*** Provided data ***

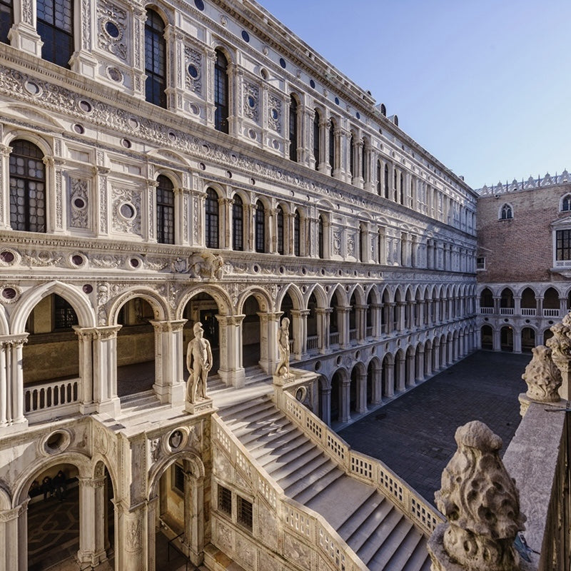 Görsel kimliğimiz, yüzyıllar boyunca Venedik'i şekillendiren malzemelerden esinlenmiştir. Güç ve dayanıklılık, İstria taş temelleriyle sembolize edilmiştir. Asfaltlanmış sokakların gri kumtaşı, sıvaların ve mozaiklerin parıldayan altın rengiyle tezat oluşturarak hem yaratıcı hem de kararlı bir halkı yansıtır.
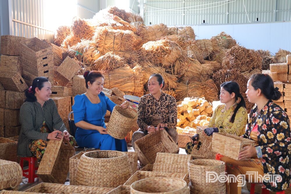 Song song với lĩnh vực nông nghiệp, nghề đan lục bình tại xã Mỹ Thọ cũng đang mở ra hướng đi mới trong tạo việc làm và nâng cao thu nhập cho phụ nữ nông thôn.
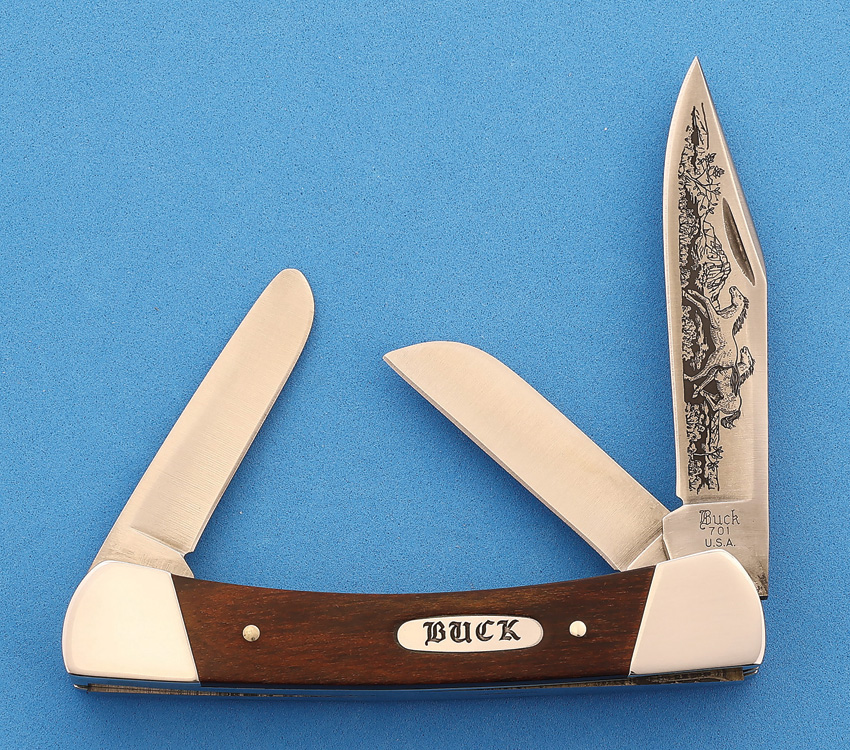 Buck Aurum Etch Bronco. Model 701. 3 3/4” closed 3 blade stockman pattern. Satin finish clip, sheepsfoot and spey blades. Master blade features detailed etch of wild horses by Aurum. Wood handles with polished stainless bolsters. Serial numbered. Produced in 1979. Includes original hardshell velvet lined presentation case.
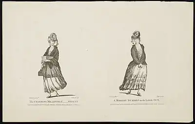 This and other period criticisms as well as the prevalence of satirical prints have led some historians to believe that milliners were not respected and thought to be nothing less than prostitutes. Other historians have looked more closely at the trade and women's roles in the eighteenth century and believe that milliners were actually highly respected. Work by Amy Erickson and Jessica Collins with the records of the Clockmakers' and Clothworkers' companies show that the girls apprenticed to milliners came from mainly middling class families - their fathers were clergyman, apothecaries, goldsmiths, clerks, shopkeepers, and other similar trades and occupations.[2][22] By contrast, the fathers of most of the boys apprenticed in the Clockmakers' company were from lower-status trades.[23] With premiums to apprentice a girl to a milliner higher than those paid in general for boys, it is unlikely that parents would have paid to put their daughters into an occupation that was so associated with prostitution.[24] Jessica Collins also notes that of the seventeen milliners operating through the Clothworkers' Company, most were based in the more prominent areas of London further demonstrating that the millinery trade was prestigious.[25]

*** End of Provided data ***

Exercise goal: Extract all the data above exactly, excluding every picture.

The answer:
 Görsel kimliğimiz, yüzyıllar boyunca Venedik'i şekillendiren malzemelerden esinlenmiştir. Güç ve dayanıklılık, İstria taş temelleriyle sembolize edilmiştir. Asfaltlanmış sokakların gri kumtaşı, sıvaların ve mozaiklerin parıldayan altın rengiyle tezat oluşturarak hem yaratıcı hem de kararlı bir halkı yansıtır.
 Song song với lĩnh vực nông nghiệp, nghề đan lục bình tại xã Mỹ Thọ cũng đang mở ra hướng đi mới trong tạo việc làm và nâng cao thu nhập cho phụ nữ nông thôn.
 Buck Aurum Etch Bronco. Model 701. 3 3/4” closed 3 blade stockman pattern. Satin finish clip, sheepsfoot and spey blades. Master blade features detailed etch of wild horses by Aurum. Wood handles with polished stainless bolsters. Serial numbered. Produced in 1979. Includes original hardshell velvet lined presentation case.
 This and other period criticisms as well as the prevalence of satirical prints have led some historians to believe that milliners were not respected and thought to be nothing less than prostitutes. Other historians have looked more closely at the trade and women's roles in the eighteenth century and believe that milliners were actually highly respected. Work by Amy Erickson and Jessica Collins with the records of the Clockmakers' and Clothworkers' companies show that the girls apprenticed to milliners came from mainly middling class families - their fathers were clergyman, apothecaries, goldsmiths, clerks, shopkeepers, and other similar trades and occupations.[2][22] By contrast, the fathers of most of the boys apprenticed in the Clockmakers' company were from lower-status trades.[23] With premiums to apprentice a girl to a milliner higher than those paid in general for boys, it is unlikely that parents would have paid to put their daughters into an occupation that was so associated with prostitution.[24] Jessica Collins also notes that of the seventeen milliners operating through the Clothworkers' Company, most were based in the more prominent areas of London further demonstrating that the millinery trade was prestigious.[25]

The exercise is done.